No politician in US history has exploited his power for personal gain with more unbridled pride and joy than Rep. Charlie Rangel (D-NY). And none has been more successful. For not even investment guru Warren Buffet could have amassed the fortune Rangel has by doing it the Smith Barney way; i.e., by earning it.
His holdings include four apartments in a luxury building in New York City and a luxury home in the Dominican Republic. Not to mention untold sums in bank accounts that are being discovered everyday like another Tiger Woods mistress.

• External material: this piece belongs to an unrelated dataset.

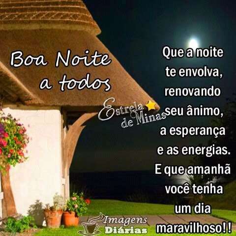 Que a noite te evolva, renovando seu ânimo a esperança e as energias. E que amanhã você tenha um dia maravilhoso!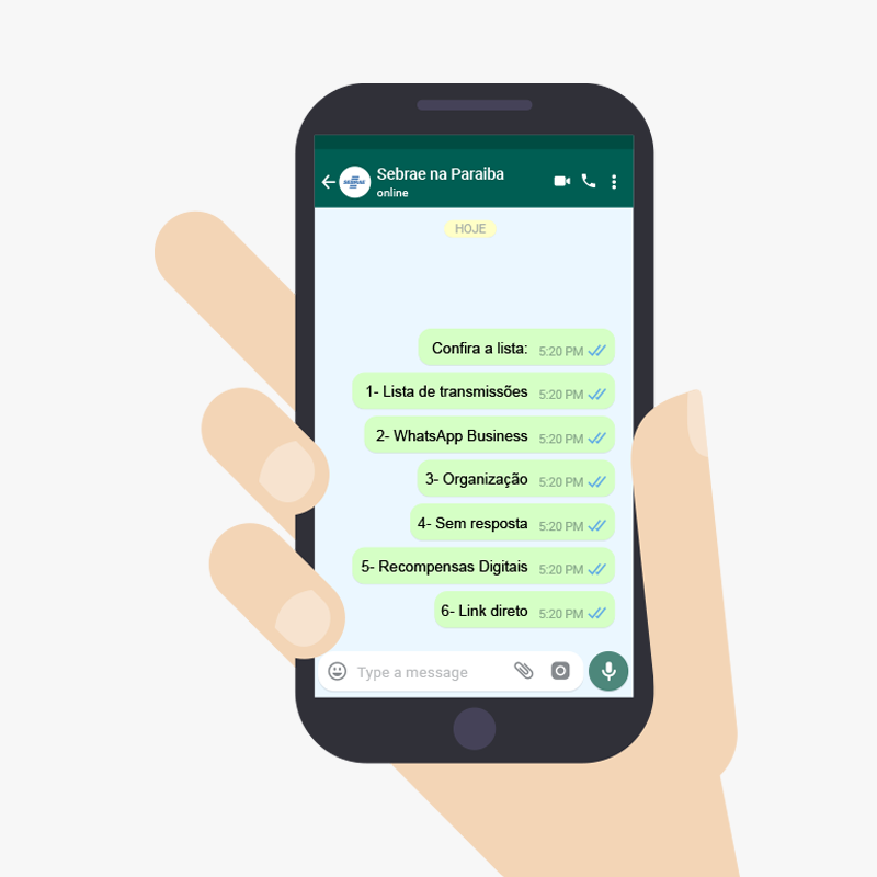 O WhatsApp é um aplicativo de mensagens bastante usado pelo brasileiro. De acordo com a pesquisa “Transformação Digital nas MPE”, realizada pelo Sebrae em 2018, 66% das empresas do estado da Paraíba estão usando o WhatsApp para se comunicar com os clientes e 51% acessa o Facebook.

But you’d think Rangel would’ve become a little more discreet and circumspect in his flouting of ethics rules after assuming chairmanship in 2007 of the high-profile House Ways and Means Committee, which is responsible for writing all tax laws and overseeing all revenue-raising measures. Instead, he became the poster boy for the presumption that rules do not apply to the powerful men who write them.
Accordingly, it wasn’t long before reports surfaced that Rangel was making a mockery of his chairmanship by failing to report or disclose income on his tax forms; using his congressional stationary to solicit funds for a school bearing his name; granting special tax breaks to his most-favored donors; and partaking of potpourri of boondoggles that are treated as ordinary congressional perks.

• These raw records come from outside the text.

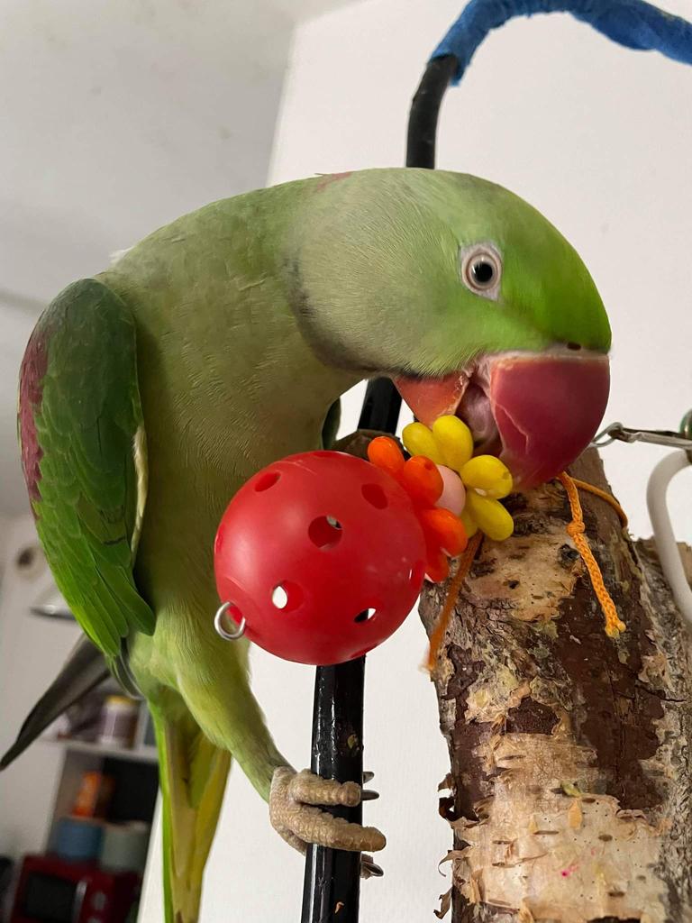 - [ ] Small ball and bead toys for small cockatiel conure genus bird… - [ ] I still tested it for my gray from Gabon and big Alexandre 🦜 - [ ] Overall quite solid but actually not for big beaks 😅 - [ ] That didn't prevent them from having a blast with 🪶 - [ ] I was able to recover the small flexible metal rods with which I was able to redo pearl games so great 👍 - [ ] Very good games I recommend.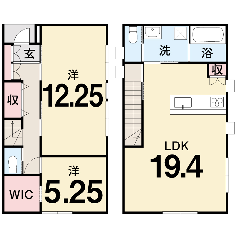 - 1F 洋12.25・洋5.25/2F LDK19.4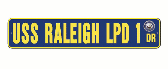 USS RALEIGH LPD 1 Aluminum Street Sign Navy Blue / Yellow 6" x 30" Military USN SS002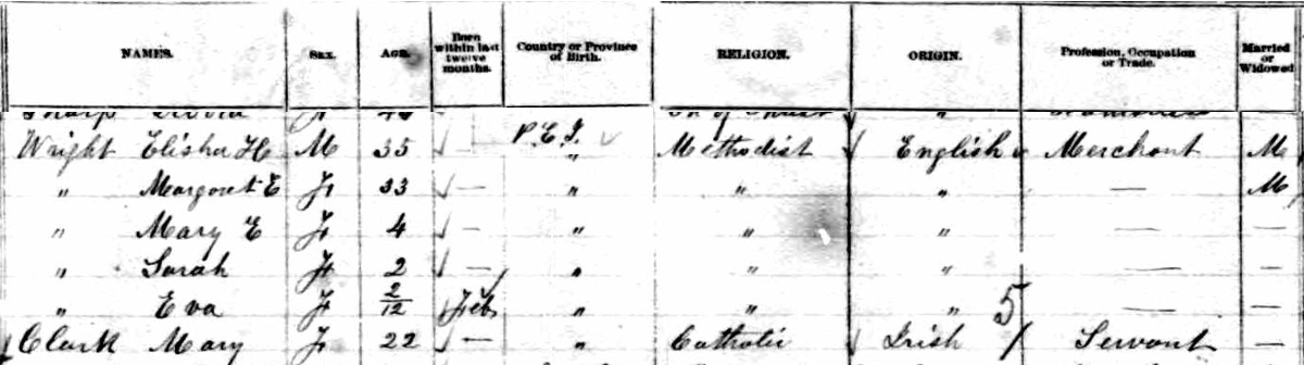 | Census | Elisha Hooper Wright was head of the household in the census in April 1881 in Summerside, Prince County, Prince Edward Island, CanadaG. included in the household with Elisha (age 35) were his wife Margaret Clark (age 33), their children Mary (age 4), Sarah (age 2) and Eva (age 2 months), and Mary Clark (age 22), an unrelated servant. Elisha was a merchant. The family religion was Methodist.4 1881 Canada Census, Summerside, Prince County, Prince Edward Island. Household of Elisha Hooper Wright, his wife Margaret Elizabeth Clark, their children Mary, Sarah & Eva, and an unrelated servant. |

This finally compelled the House Ethics Committee to announce last October that it was expanding its probe of Rangel’s alleged misdeeds, which it began in December 2008, to include an investigation into “all Financial Disclosure Statements and all amendments filed in the calendar year 2009.”

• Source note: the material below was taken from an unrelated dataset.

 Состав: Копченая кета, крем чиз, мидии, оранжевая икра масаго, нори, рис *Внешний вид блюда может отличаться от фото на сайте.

This was when everyone in Washington knew he was a dead man walking – as far as his chairmanship was concerned. Yet, for a time, Rangel scoffed at all calls for him to resign; which was not surprising considering that he lived a charmed life as a politician-virtually free of professional censure, let alone public ridicule.
Ironically, it was precisely because of his imperious ego that being dogged by reporters asking about his personal business became too insolent and untenable for him to tolerate. And it was this humiliation that finally compelled him to make the following concession speech a week ago today:
My chairmanship is bringing so much attention to the press, and in order to avoid my colleagues having to defend me during their elections, I have this morning sent a letter asking to be granted a leave of absence until such time as the ethics committee completes its work.
Still, his pride was such that he could not bring himself to announce the resignation this statement clearly represented. The adage, pride goes before the fall, seems appropriate here.
And, if convicted on ethics charges, what a spectacular fall from grace that would be for this man who was always so fond of bragging “I haven’t had a bad day since” being elected to Congress 40 years ago.